The present invention relates to a patch generation method, a patch generation apparatus, and a program.
In software development, the same editing is often performed on a plurality of locations in a program. A program rewriting tool typified by a patch enables automatic rewriting for a plurality of locations in such a program.
When the program rewriting tool receives, as inputs, a rewrite target program and a script that defines content of editing and characterization of lines, commands, and expressions in the program to which the editing is to be applied, the program rewriting tool applies the editing content defined in the script to a location in the rewrite target program matching the characterization defined in the script. For example, a script in the case of a patch is given in a diff format. In this case, the editing content is defined by specification of deletion/addition in units of lines, and a location to which editing is applied is characterized by specification of a character string. The editing is applied to a line matching the specified character string among the lines in the rewrite target program.
The patch is widely used not only for programs but also for rewriting general text files because characterization of a location to which editing of the editing content is applied can be defined by an intuitive description in a diff format. However, specification of editing content is limited to the line unit, and characterization of an application location is limited to matching with a specific character string. These restrictions may be particularly a restriction in by using the patch to rewrite a program. For example, a location to which rewriting is applied needs to exactly match a specified character string, and in a case where only a variable name is different from the character string even in the same command, rewriting is not applied. In a method based on the entire list, it is possible to write definitions corresponding to all patterns of variable names that may exist in a diff format, but it is not a realistic method.

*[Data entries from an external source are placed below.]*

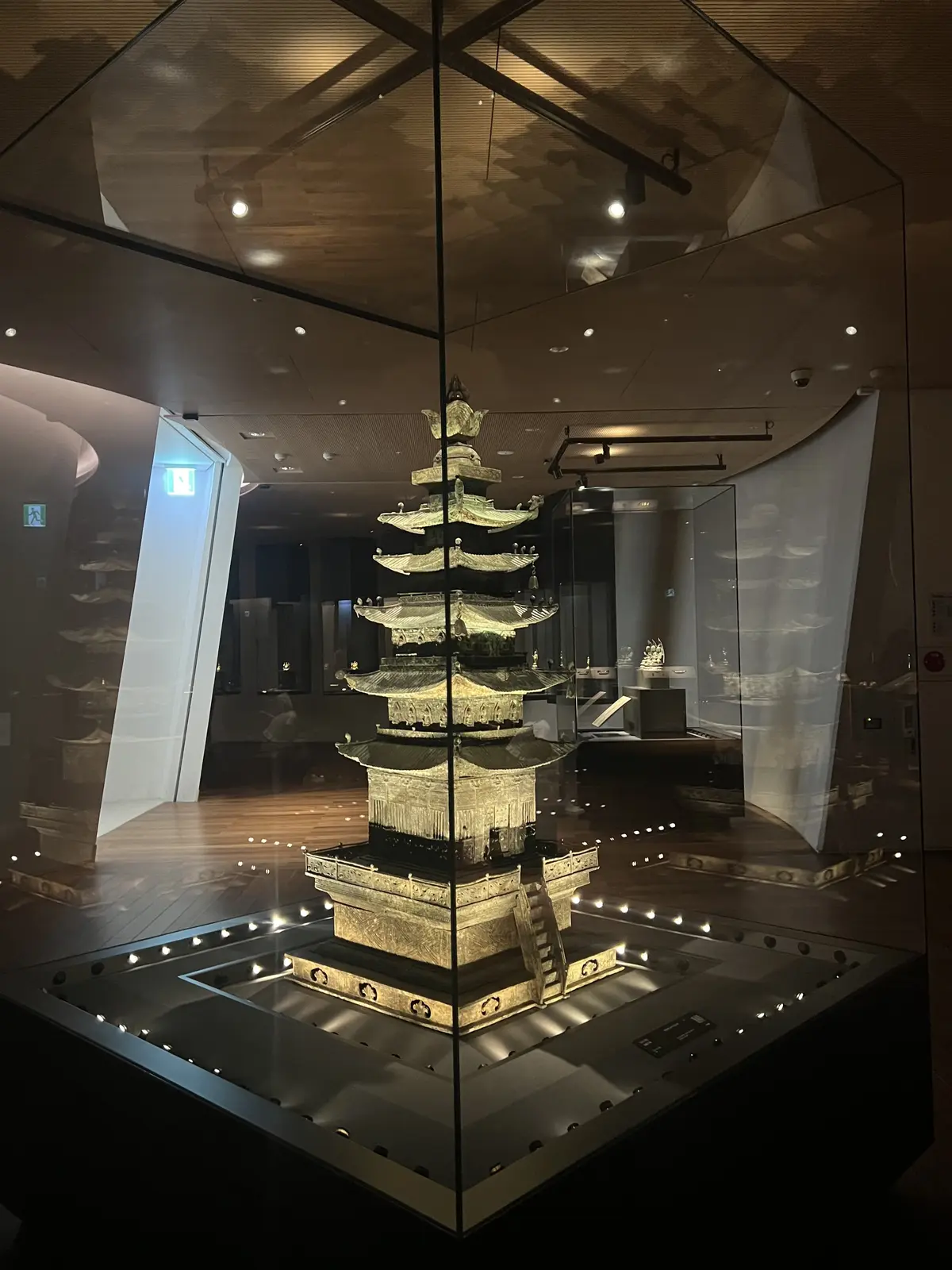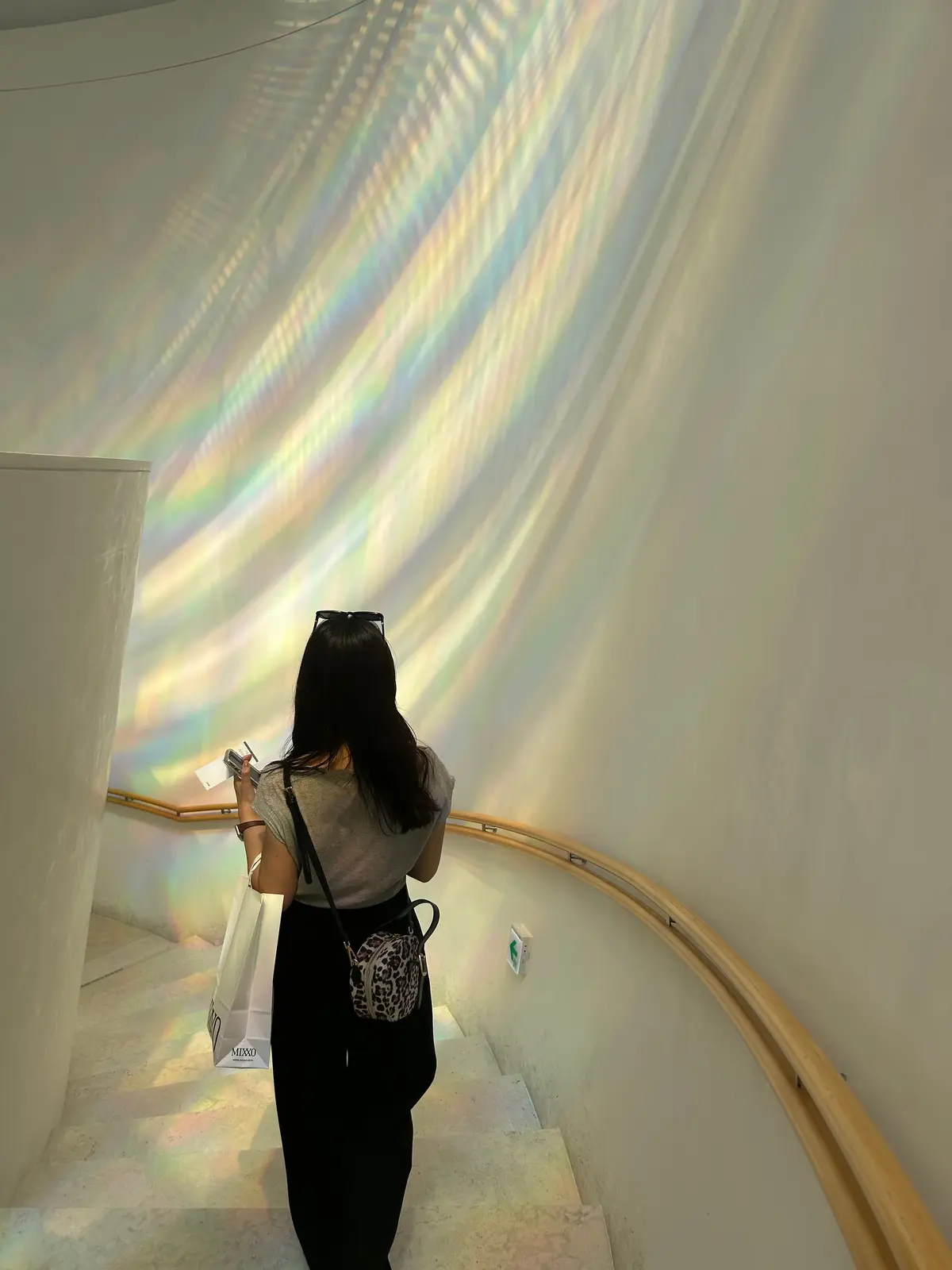 この作品は古美術エリアの4階から1階の各階を繋ぐ経路として使用されているため、階が下がるごとに光の入り具合が変わって見え方も変わっていくのも楽しいポイント🌈
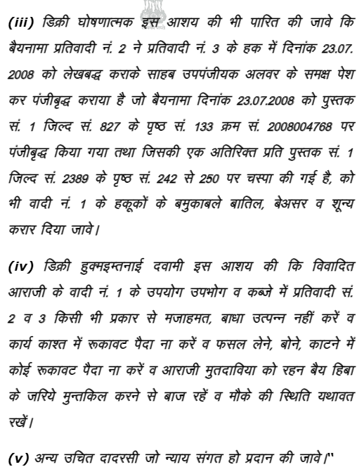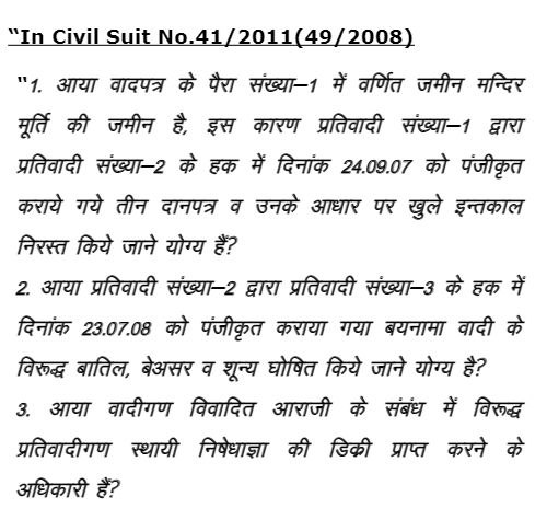 The facts emerge out from the pleadings are that on 17.11.2008 the plaintiff - respondents No. 1 to 4 filed a suit against the defendants appellants and defendant - respondent No. 1 and 3 for declaration and permanent injunction stating therein apart from other facts that the plaintiff respondent Mandir Murti Shri Charan Das Ji Maharaj is situated in Kasba Dahra, earlier which was known as Mandir Bihari Ji, but due to tapsaya by Sant Charan Das Ji Maharaj between 1859 to 1871 in the temple it is being called as Mandir Murti Shri Charan Das Ji Maharaj, Dahra. Erstwhile Alwar His H
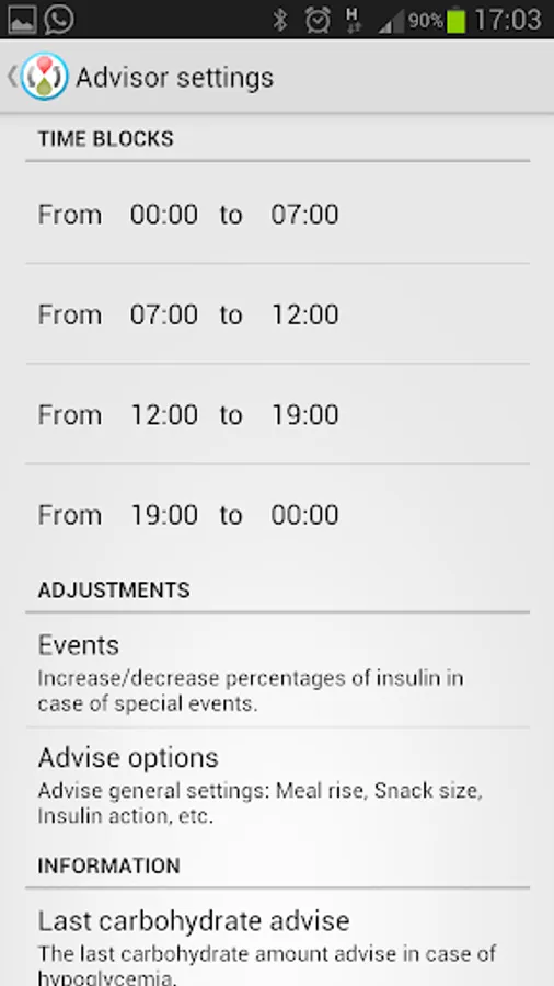 - Complete set of configuration variables for diabetes (insulin sensitivity, carbohydrates ratio, target blood glucose, insulin active time, etc.) for different time ranges.
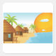 Sonnenuntergang mit Strohhütten Quadratischer Aufkleber
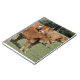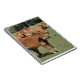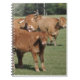 Un carnet avec une photo d'une vache brune d'or du Limousin avec des klaxons, le léchant est veau, alors que le veau lèche son propre nez.
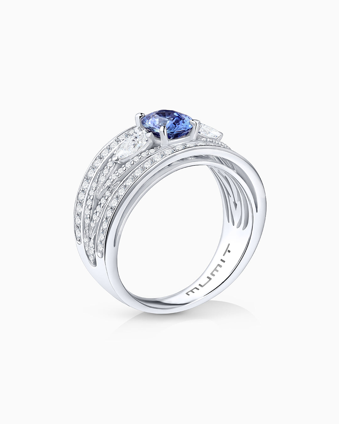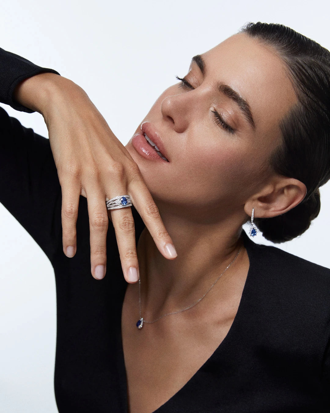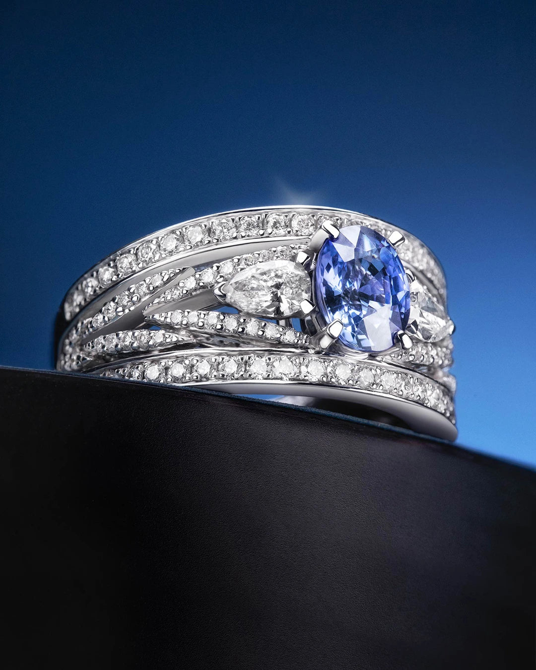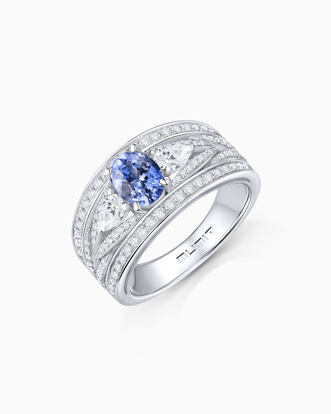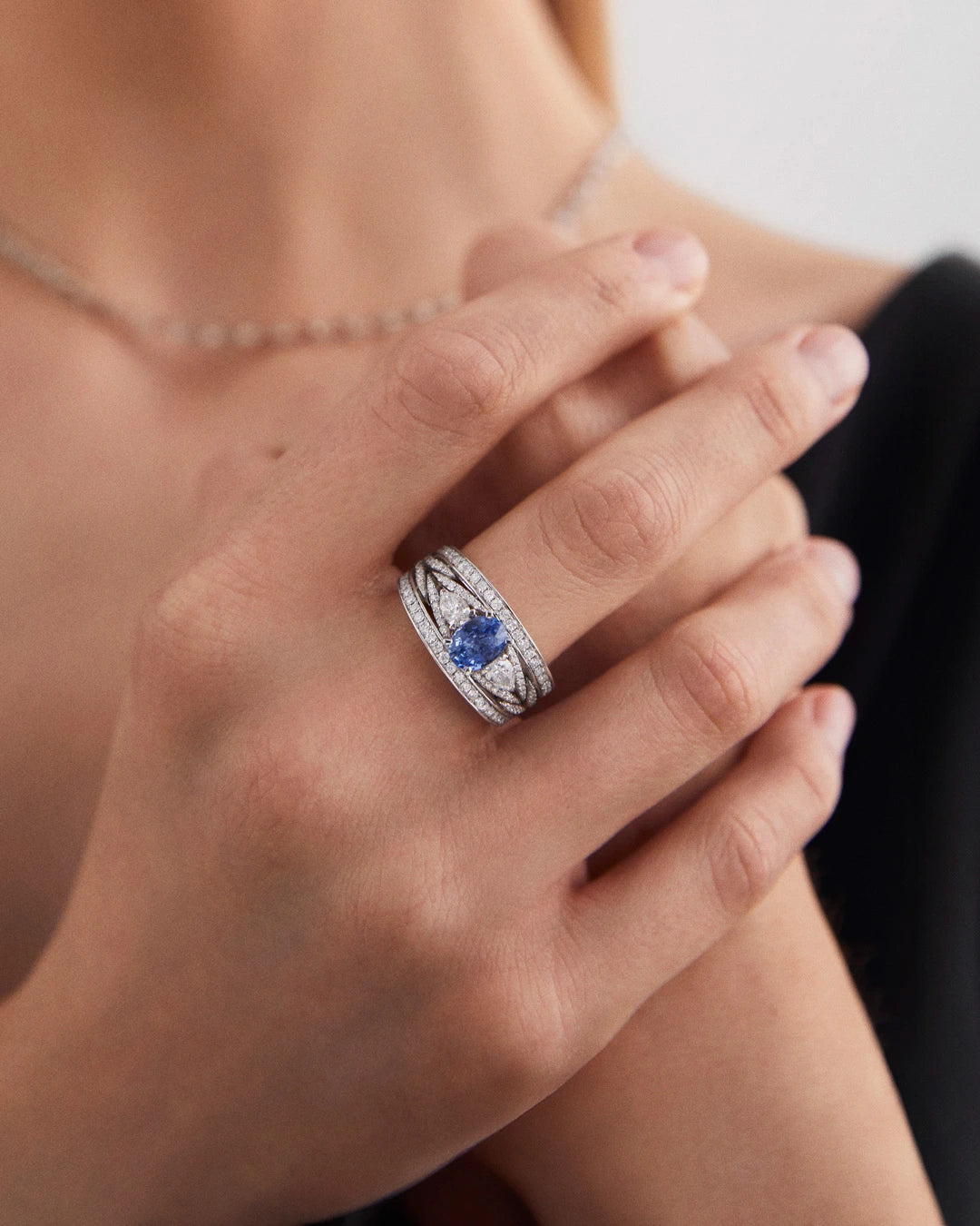 Taking inspiration from Sri Lanka’s legendary gemstone riches, the Ceylon collection pays tribute to Ratnapura, one of the world’s historic mineral centres. Renowned for their remarkable clarity and exceptionally rich colour, sapphires from this region are considered among the finest in the world. Within the collection, the Queen of Ceylon ring stands out for its sculptural silhouette and interwoven lines, evoking the elegance of a crown jewel. A Sri Lankan sapphire sits at its centre, flanked by two pear-cut natural diamonds. Their soft curves enhance the overall harmony of the design, drawing attention to the beauty of the sapphire. Likewise, the double band is set with a delicate diamond pavé that frames the central motif, amplifying its brilliance from every angle. A truly majestic jewel, reserved for those who recognise true rarity.
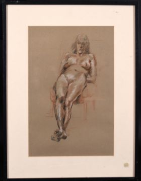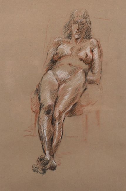 Peter Collins, a seated nude, chalk and charcoal, 14"x9". Provenance: Collins Studio Sale.
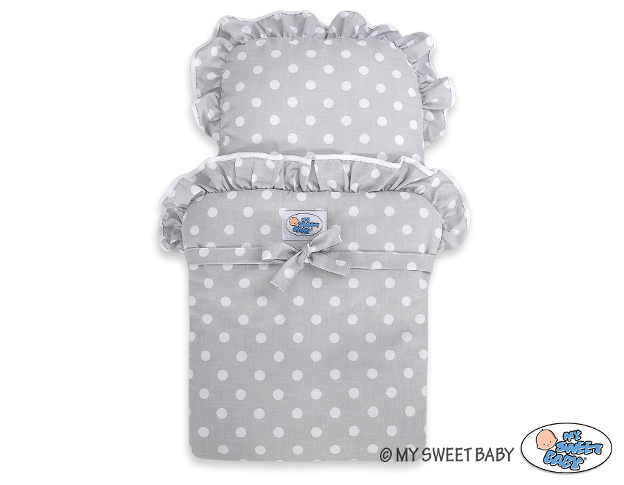 Gray On Dots White GrayBedding Stroller Pram Doll Wooden
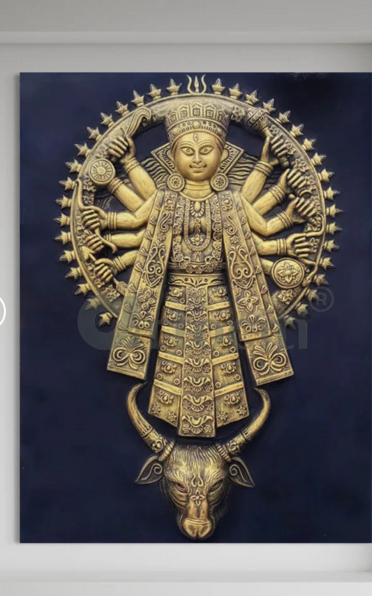Goddess Durga 3D Relief Mural Wall Art (4x3 Feet)

From the above, there is a need for a program rewriting tool that enables specification of a more flexible and powerful editing content and characterization of an application location than a patch while also achieving intuitive descriptive properties.
In order to enable specification of flexible and powerful editing content and characterization of an editing application location in rewriting of a program, a method of matching a code piece in a rewrite target program and an editing application location with each other after returning to a model check problem regarding a control flow of the rewrite target program has been proposed (Non Patent Literature 1).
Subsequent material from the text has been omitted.